-- REQUIREMENT --
Beginning with the line containing "I've used large" and ending with the line containing "Our hampers consist", write out each line of the records below exactly; pictures and lines outside that range are left out.
============================================================
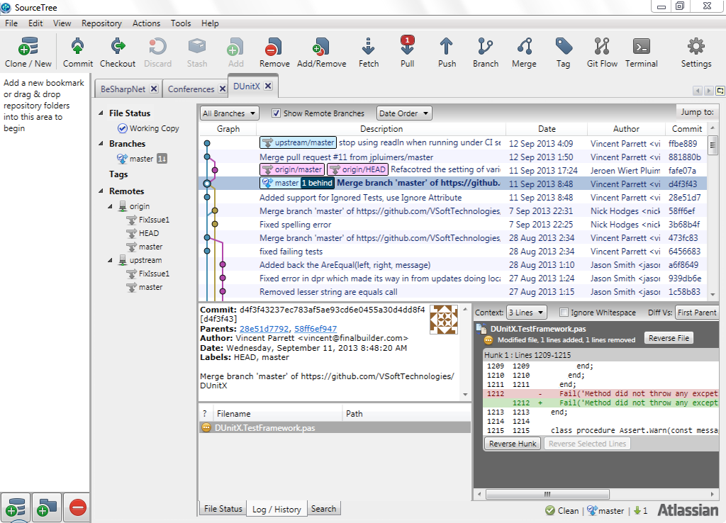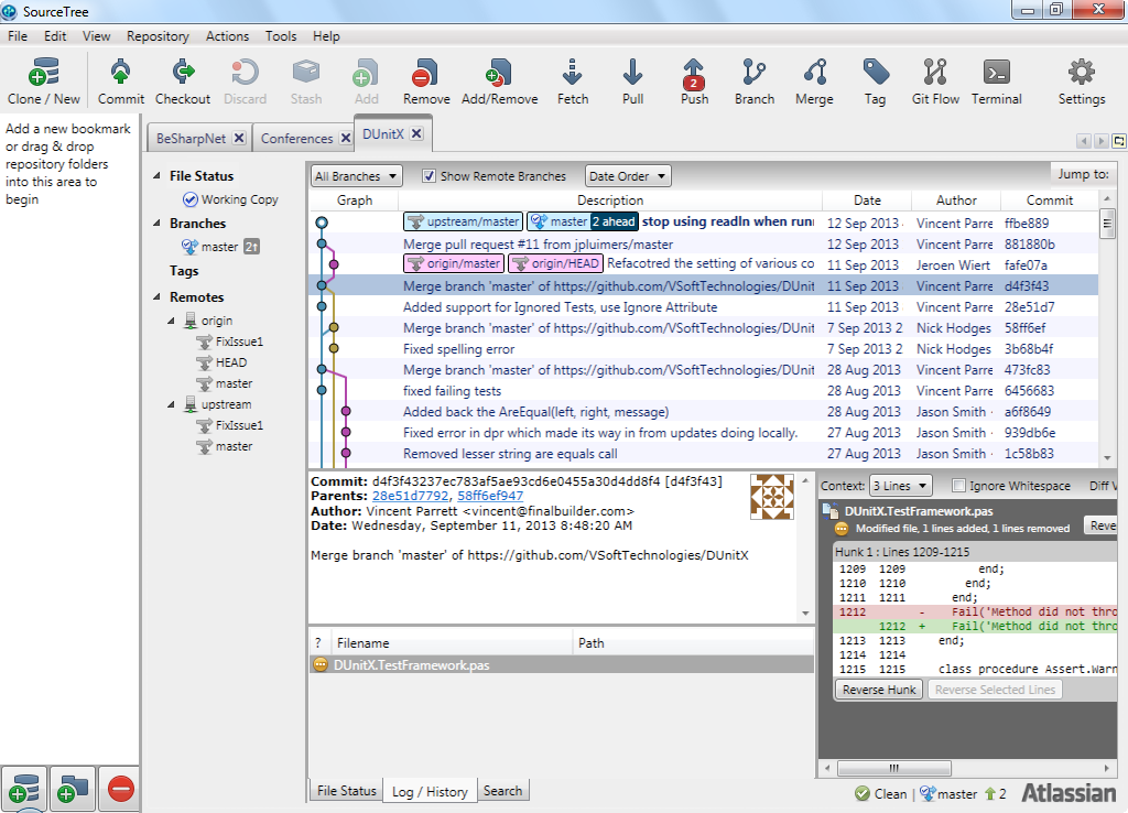 TortoiseHG有工作台,它基本上是我将本地存储库与远程存储库同步的核心工具:上游和原点。
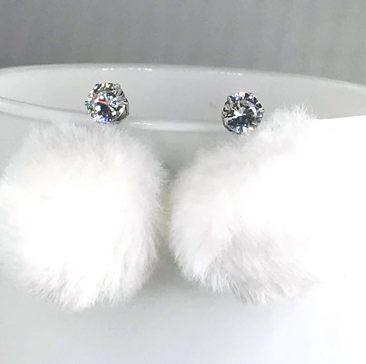 I've used large white pompoms and matched them with silver plated crystal stud back connectors. The pompom measures 4.5 cm and the whole thing is 5.5 including the crystal stud.
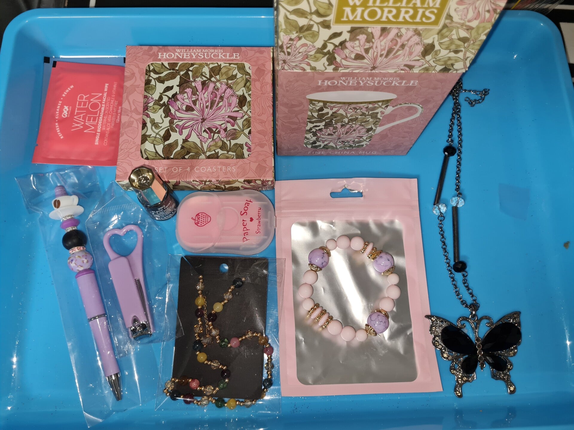 Our hampers consist of multiple different stationery items, household items, arts and craft, manicure items, jewellery, personalised items, hair and grooming items, cosmetics, toiletries and bathroom items.
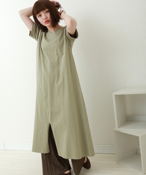 フロントスリットがさりげなく目を惹くデザインです。その日の気分で変えられる前後どちらでも着用できる2WAYデザイン。着丈はロングワンピースのバランスなので、一枚で主役としてはもちろんパンツやスカートどちらと合わせても旬なスタイルが完成です。無地なので着回しは無限大です。※OE天竺なので生地の目がざっくりとして表面感があり、しっかりとした生地です。※屋外の光や照明の当たり具合、パソコンなどの閲覧環境によって実際の色味と異なって見える場合がございます。予めご了承ください。
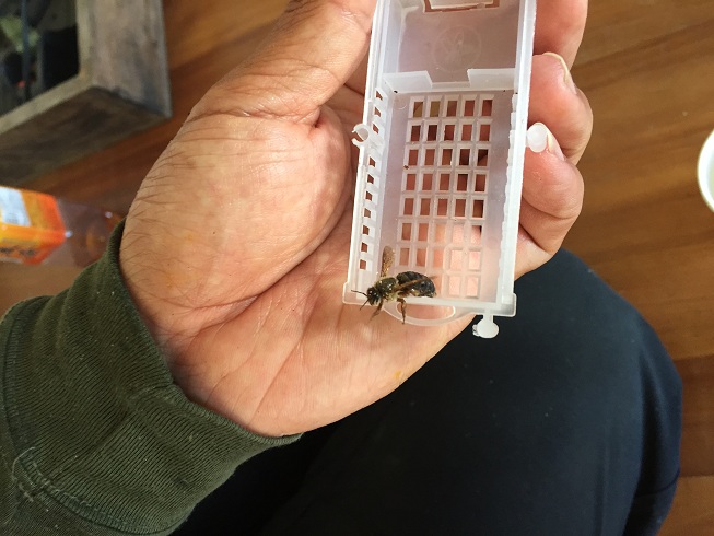 元の箱に戻したのでは逃げられる可能性が大なので近くの集蜂板に這わせました。
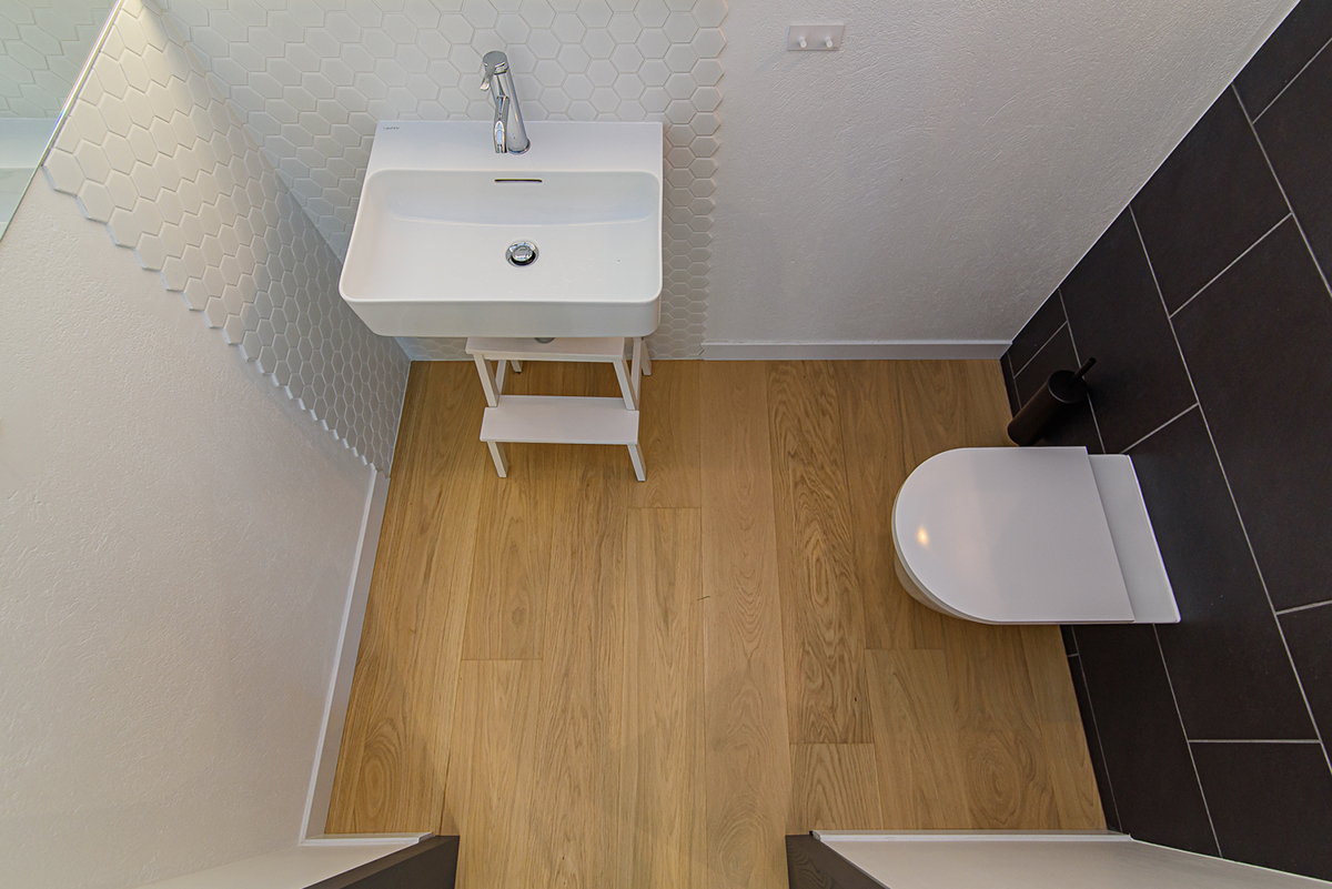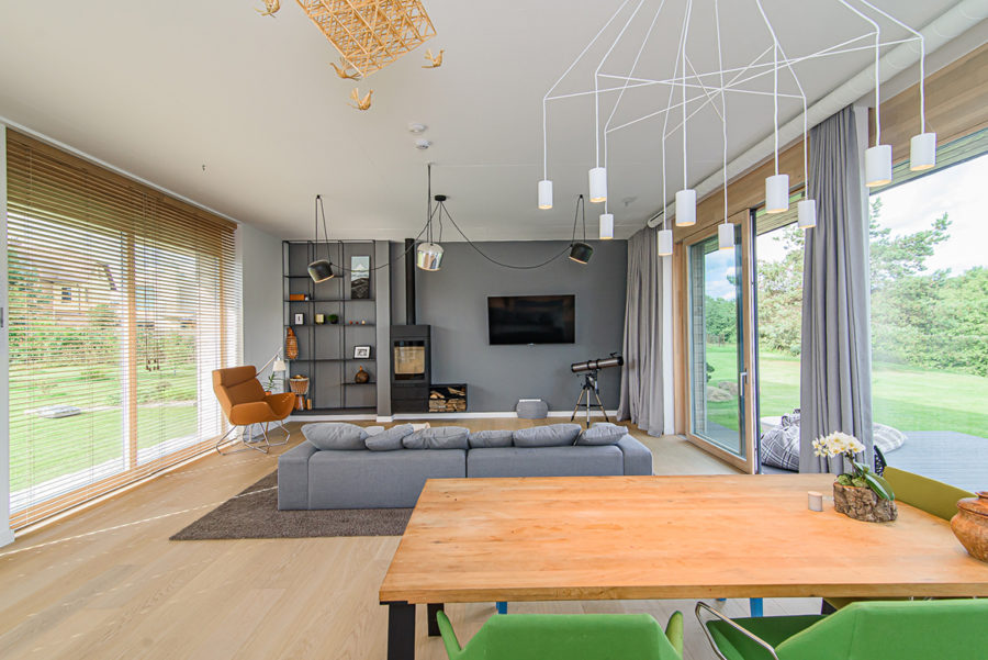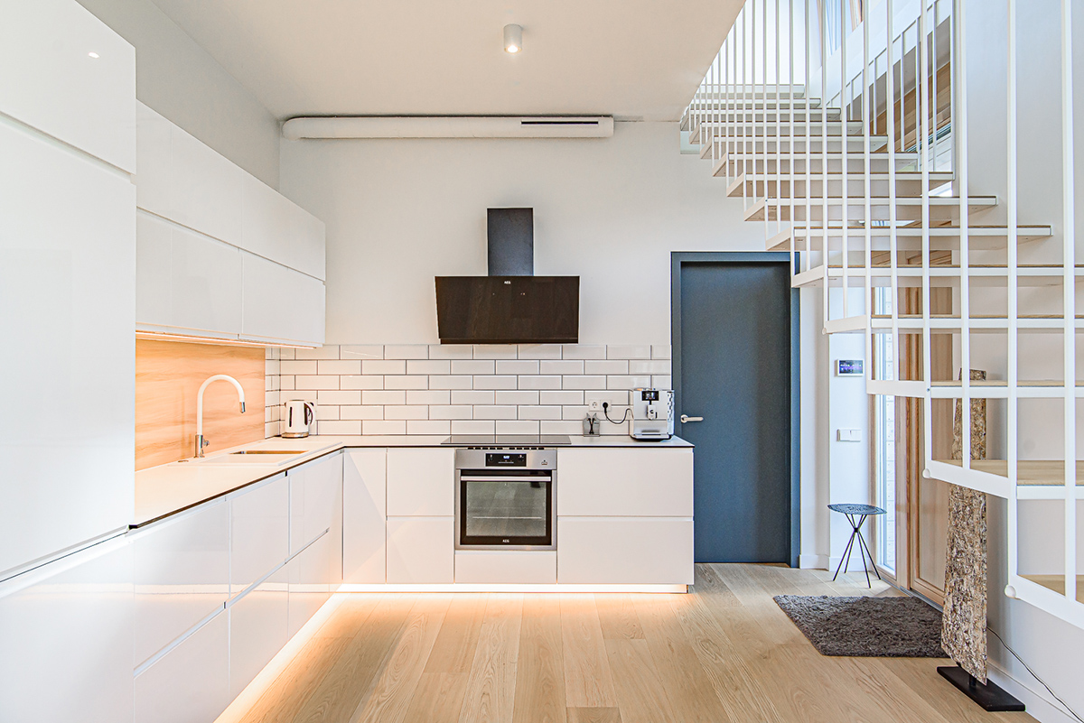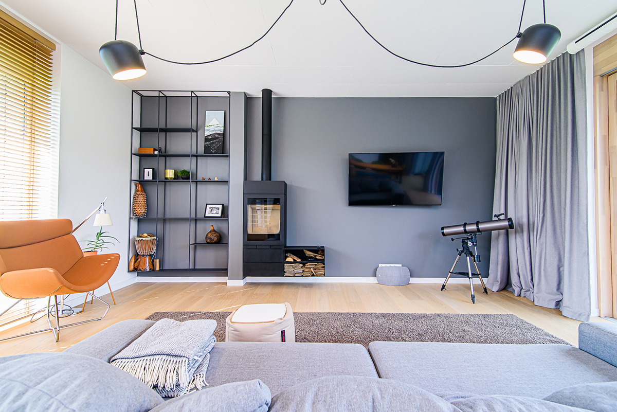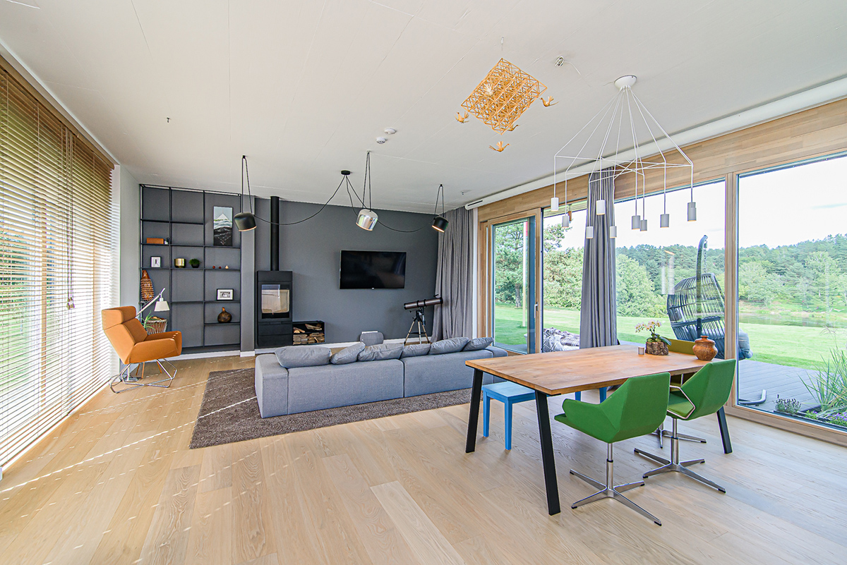 Lakoniškas, funkcionalus ir erdvus interjeras, tik su reikalingų daiktų aplinka. Namo ir interjero atsiradimas įkvėptas Neries upės vaizdais ir nesustojančio tekėjimo stebėjimu.
============================================================
-- OUTPUT OF THE TASK --
 I've used large white pompoms and matched them with silver plated crystal stud back connectors. The pompom measures 4.5 cm and the whole thing is 5.5 including the crystal stud.
 Our hampers consist of multiple different stationery items, household items, arts and craft, manicure items, jewellery, personalised items, hair and grooming items, cosmetics, toiletries and bathroom items.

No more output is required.